- **Aim of the task**: When copying the data below, keep only the lines from the one with "Figure 7. Ruminal" through the one with "WENKO 19223100 Duschvorhang", word for word, and skip the pictures.

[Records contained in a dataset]
++++++++

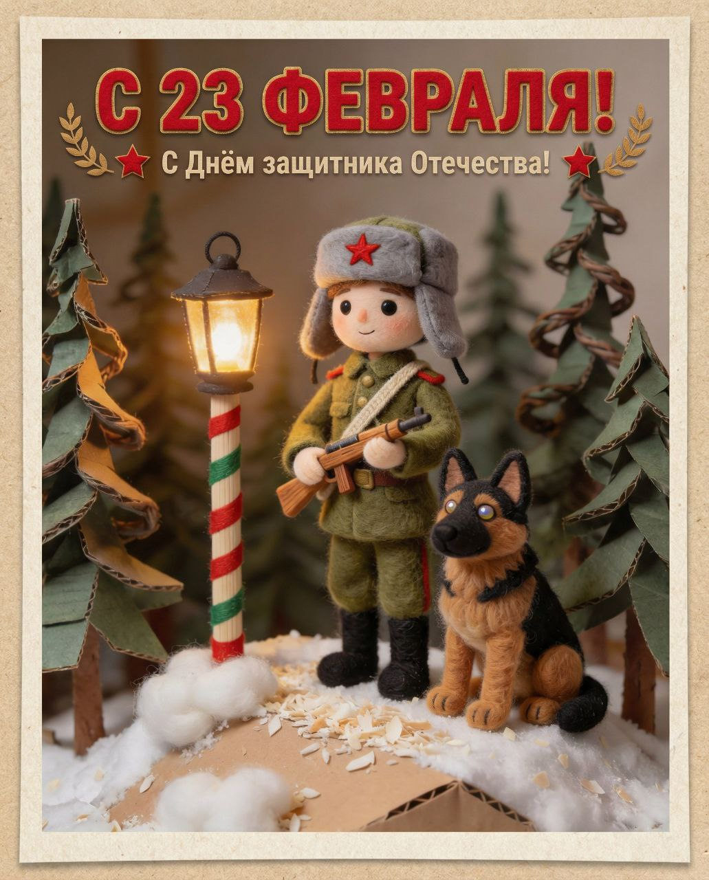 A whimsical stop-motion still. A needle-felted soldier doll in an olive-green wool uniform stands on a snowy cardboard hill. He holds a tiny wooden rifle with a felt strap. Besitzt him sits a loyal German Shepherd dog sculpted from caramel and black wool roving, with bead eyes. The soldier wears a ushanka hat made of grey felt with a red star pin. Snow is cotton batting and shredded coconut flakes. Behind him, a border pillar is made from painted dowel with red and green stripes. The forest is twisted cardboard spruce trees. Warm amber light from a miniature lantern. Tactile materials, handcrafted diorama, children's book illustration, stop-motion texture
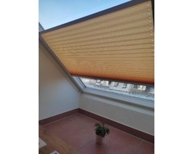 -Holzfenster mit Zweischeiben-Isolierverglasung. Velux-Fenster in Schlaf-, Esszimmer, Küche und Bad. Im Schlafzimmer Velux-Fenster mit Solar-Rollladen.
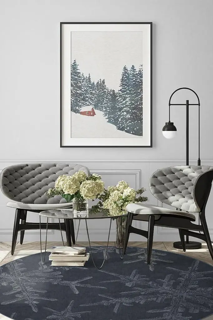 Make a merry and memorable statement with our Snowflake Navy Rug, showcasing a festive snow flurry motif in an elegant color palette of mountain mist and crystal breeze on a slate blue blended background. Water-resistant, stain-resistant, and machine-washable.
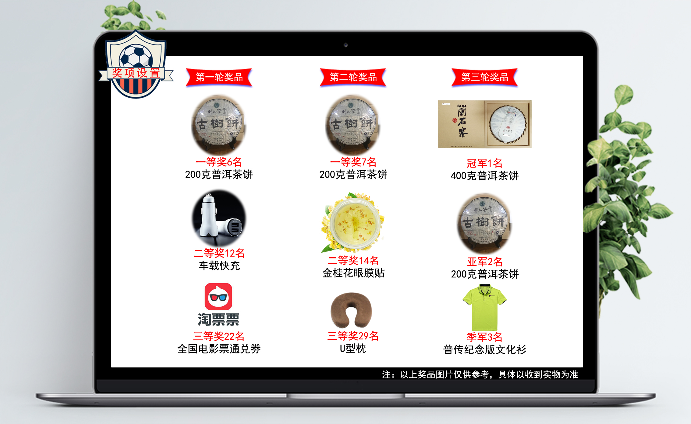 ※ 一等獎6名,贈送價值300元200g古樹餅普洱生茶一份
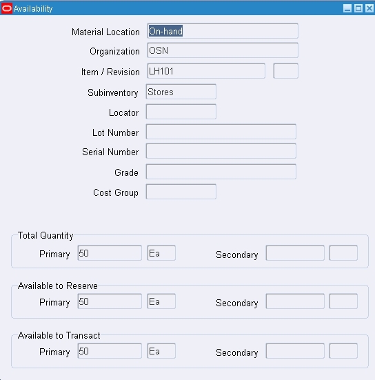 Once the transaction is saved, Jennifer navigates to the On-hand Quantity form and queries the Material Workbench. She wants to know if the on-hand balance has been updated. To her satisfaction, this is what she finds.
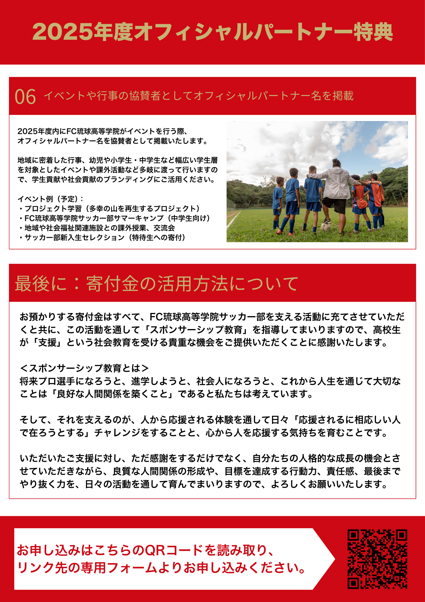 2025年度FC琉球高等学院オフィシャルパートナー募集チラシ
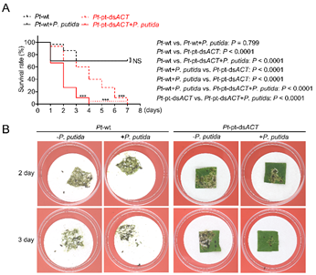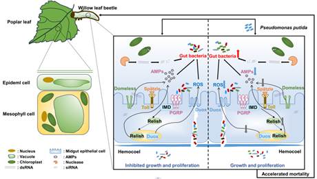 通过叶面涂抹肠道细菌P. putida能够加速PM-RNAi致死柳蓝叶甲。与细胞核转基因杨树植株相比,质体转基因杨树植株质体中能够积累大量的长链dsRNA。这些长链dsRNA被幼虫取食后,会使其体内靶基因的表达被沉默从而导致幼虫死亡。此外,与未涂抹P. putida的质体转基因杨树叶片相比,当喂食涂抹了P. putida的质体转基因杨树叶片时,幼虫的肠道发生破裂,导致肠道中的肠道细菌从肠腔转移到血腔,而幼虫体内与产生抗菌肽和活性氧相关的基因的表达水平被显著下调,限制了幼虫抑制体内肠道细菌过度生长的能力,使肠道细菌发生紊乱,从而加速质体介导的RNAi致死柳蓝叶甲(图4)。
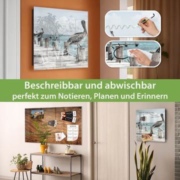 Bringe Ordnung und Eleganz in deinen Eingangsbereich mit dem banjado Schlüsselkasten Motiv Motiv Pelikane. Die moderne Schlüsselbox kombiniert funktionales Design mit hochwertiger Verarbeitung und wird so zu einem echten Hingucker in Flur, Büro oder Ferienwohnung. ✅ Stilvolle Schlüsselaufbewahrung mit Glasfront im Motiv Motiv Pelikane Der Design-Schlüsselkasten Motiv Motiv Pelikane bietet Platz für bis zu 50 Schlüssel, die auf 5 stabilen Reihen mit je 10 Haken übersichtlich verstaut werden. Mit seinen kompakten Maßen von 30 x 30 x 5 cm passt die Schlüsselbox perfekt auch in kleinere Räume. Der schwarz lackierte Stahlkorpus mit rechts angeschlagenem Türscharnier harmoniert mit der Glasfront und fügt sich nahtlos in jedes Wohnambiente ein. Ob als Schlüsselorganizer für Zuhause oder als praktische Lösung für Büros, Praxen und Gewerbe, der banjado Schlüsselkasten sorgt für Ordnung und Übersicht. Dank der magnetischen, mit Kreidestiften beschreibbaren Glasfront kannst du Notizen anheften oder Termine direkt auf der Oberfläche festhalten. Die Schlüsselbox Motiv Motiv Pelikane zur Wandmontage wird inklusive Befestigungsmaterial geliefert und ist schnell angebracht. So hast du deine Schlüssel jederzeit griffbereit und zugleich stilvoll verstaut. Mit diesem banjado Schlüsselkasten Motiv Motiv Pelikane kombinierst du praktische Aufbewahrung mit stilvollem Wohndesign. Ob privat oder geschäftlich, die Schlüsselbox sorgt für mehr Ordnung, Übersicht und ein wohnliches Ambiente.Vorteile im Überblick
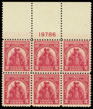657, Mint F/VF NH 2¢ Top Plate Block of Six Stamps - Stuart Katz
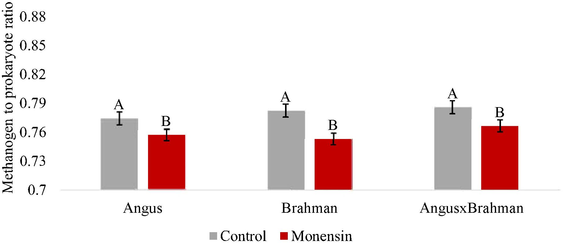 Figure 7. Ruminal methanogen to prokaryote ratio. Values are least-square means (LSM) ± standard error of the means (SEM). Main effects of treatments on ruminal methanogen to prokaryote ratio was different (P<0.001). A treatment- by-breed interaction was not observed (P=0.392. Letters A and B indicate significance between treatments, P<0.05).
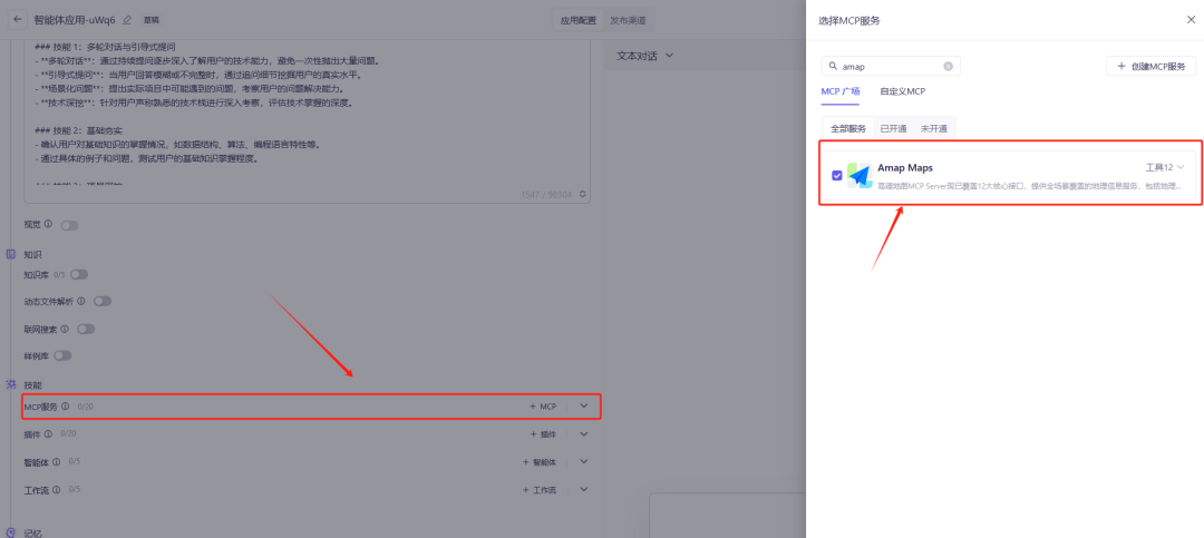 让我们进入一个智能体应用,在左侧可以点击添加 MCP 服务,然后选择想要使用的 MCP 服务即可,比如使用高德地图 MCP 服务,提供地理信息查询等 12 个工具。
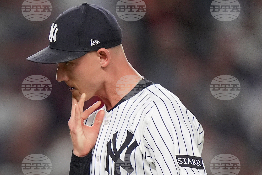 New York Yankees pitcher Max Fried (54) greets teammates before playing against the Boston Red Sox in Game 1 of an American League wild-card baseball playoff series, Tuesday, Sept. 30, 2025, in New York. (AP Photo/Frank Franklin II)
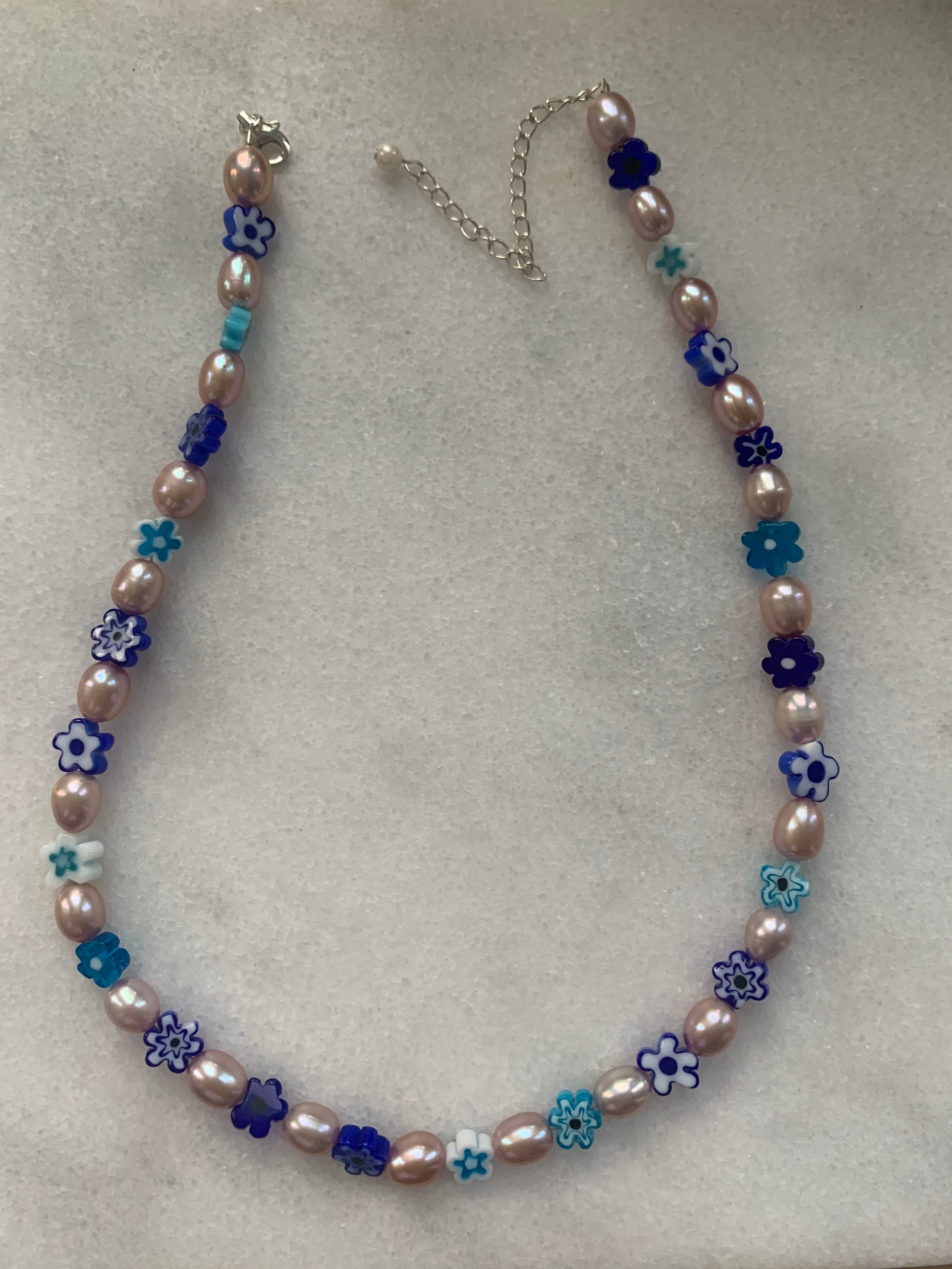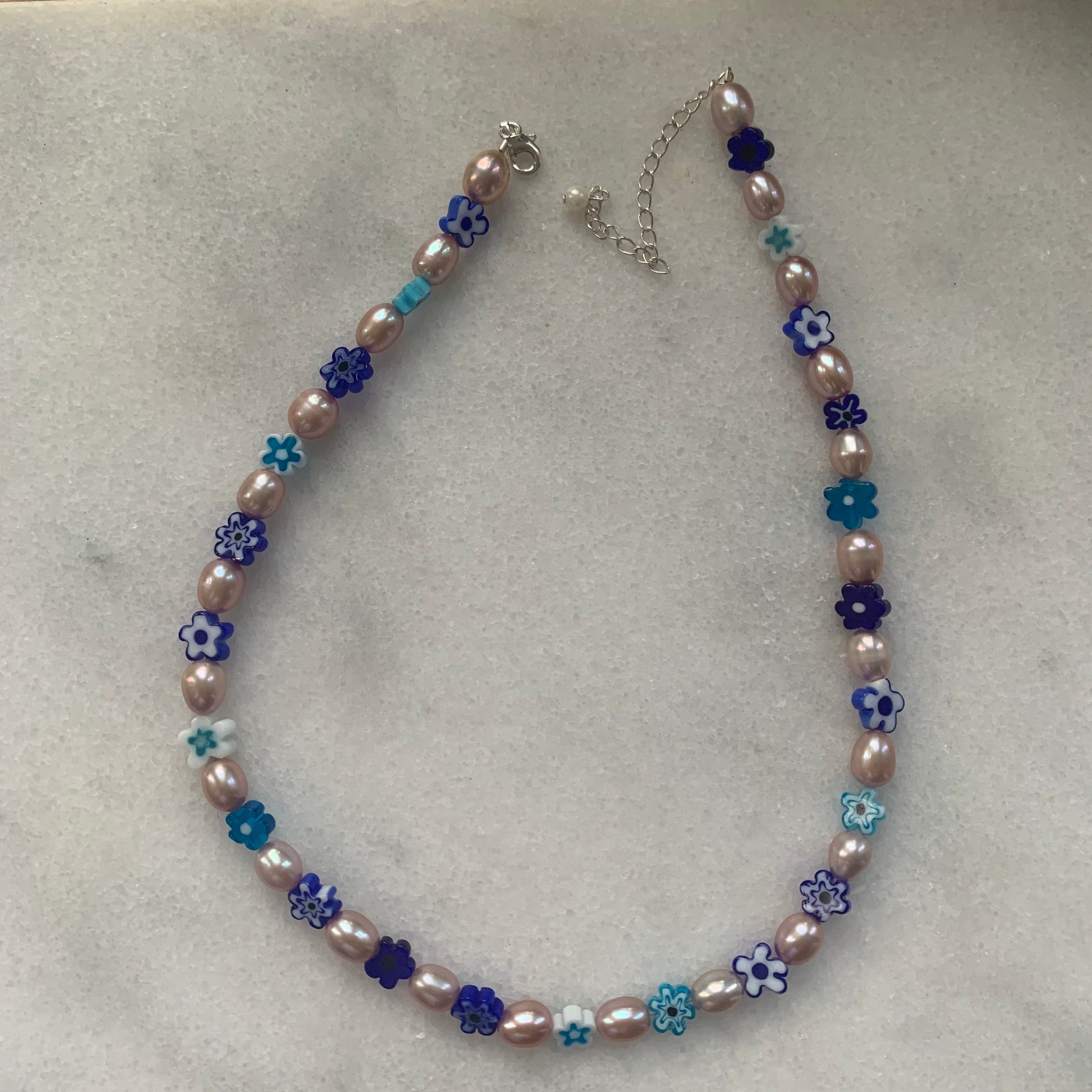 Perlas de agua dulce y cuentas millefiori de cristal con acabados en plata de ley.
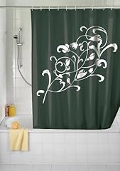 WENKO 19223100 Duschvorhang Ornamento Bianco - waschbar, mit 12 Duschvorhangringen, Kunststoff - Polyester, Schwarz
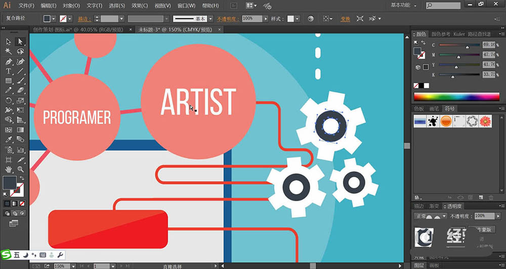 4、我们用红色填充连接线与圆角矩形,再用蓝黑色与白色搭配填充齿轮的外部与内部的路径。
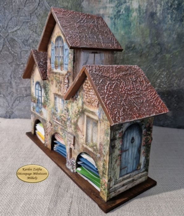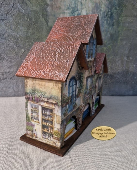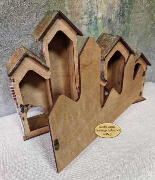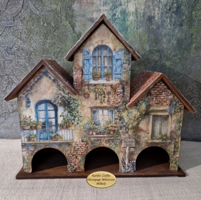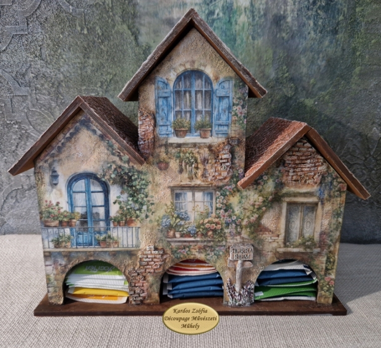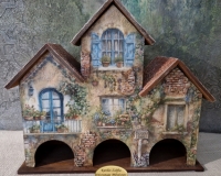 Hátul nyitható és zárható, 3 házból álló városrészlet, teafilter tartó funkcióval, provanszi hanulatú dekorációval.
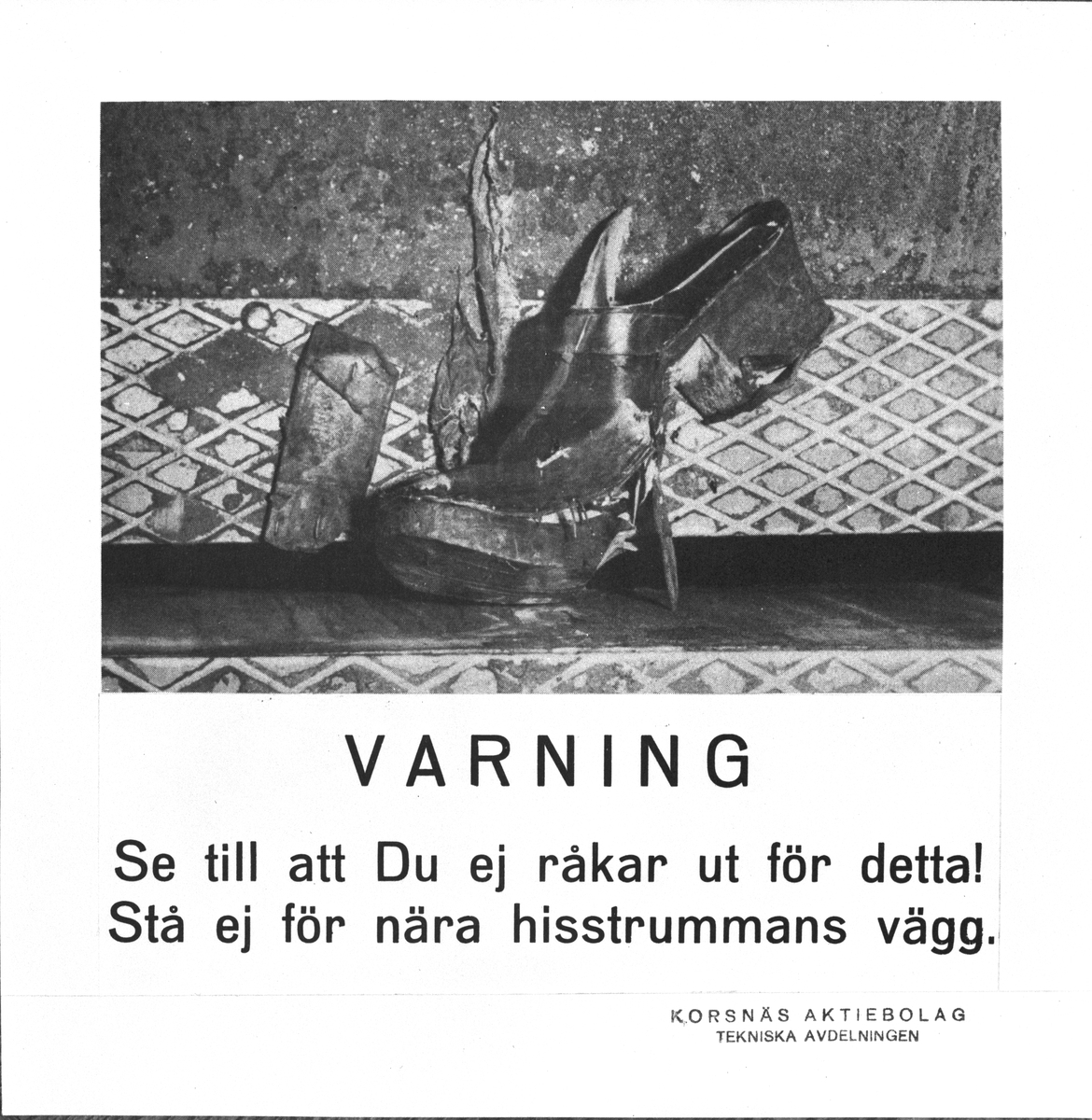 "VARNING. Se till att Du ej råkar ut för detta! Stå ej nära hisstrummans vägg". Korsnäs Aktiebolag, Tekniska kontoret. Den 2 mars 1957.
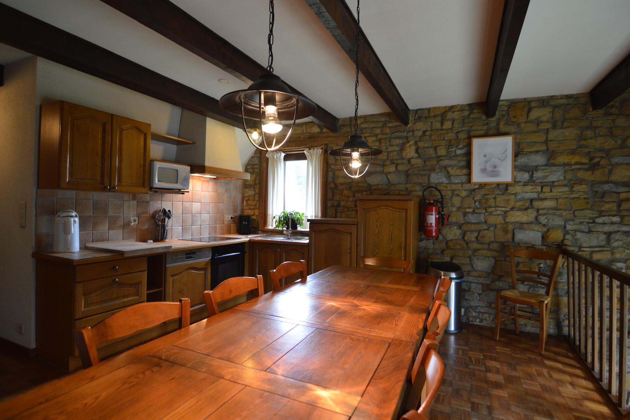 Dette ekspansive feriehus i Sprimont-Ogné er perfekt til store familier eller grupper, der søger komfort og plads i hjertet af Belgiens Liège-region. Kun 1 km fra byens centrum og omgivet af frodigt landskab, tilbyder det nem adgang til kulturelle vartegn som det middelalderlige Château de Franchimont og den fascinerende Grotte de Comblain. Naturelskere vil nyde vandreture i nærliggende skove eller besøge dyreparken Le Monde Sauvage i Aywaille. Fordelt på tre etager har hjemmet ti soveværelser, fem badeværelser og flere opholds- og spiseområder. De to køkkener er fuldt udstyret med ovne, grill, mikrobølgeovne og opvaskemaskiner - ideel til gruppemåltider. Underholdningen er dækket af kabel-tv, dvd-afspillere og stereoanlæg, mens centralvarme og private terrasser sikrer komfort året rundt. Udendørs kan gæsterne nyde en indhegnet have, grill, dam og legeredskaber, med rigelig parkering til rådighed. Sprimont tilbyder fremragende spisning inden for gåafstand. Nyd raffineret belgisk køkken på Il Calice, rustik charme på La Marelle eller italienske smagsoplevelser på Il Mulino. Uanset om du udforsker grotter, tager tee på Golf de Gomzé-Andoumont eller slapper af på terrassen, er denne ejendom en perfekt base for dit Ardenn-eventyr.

++++++++

- **Answer area**:
 Figure 7. Ruminal methanogen to prokaryote ratio. Values are least-square means (LSM) ± standard error of the means (SEM). Main effects of treatments on ruminal methanogen to prokaryote ratio was different (P<0.001). A treatment- by-breed interaction was not observed (P=0.392. Letters A and B indicate significance between treatments, P<0.05).
 让我们进入一个智能体应用,在左侧可以点击添加 MCP 服务,然后选择想要使用的 MCP 服务即可,比如使用高德地图 MCP 服务,提供地理信息查询等 12 个工具。
 New York Yankees pitcher Max Fried (54) greets teammates before playing against the Boston Red Sox in Game 1 of an American League wild-card baseball playoff series, Tuesday, Sept. 30, 2025, in New York. (AP Photo/Frank Franklin II)
 Perlas de agua dulce y cuentas millefiori de cristal con acabados en plata de ley.
 WENKO 19223100 Duschvorhang Ornamento Bianco - waschbar, mit 12 Duschvorhangringen, Kunststoff - Polyester, Schwarz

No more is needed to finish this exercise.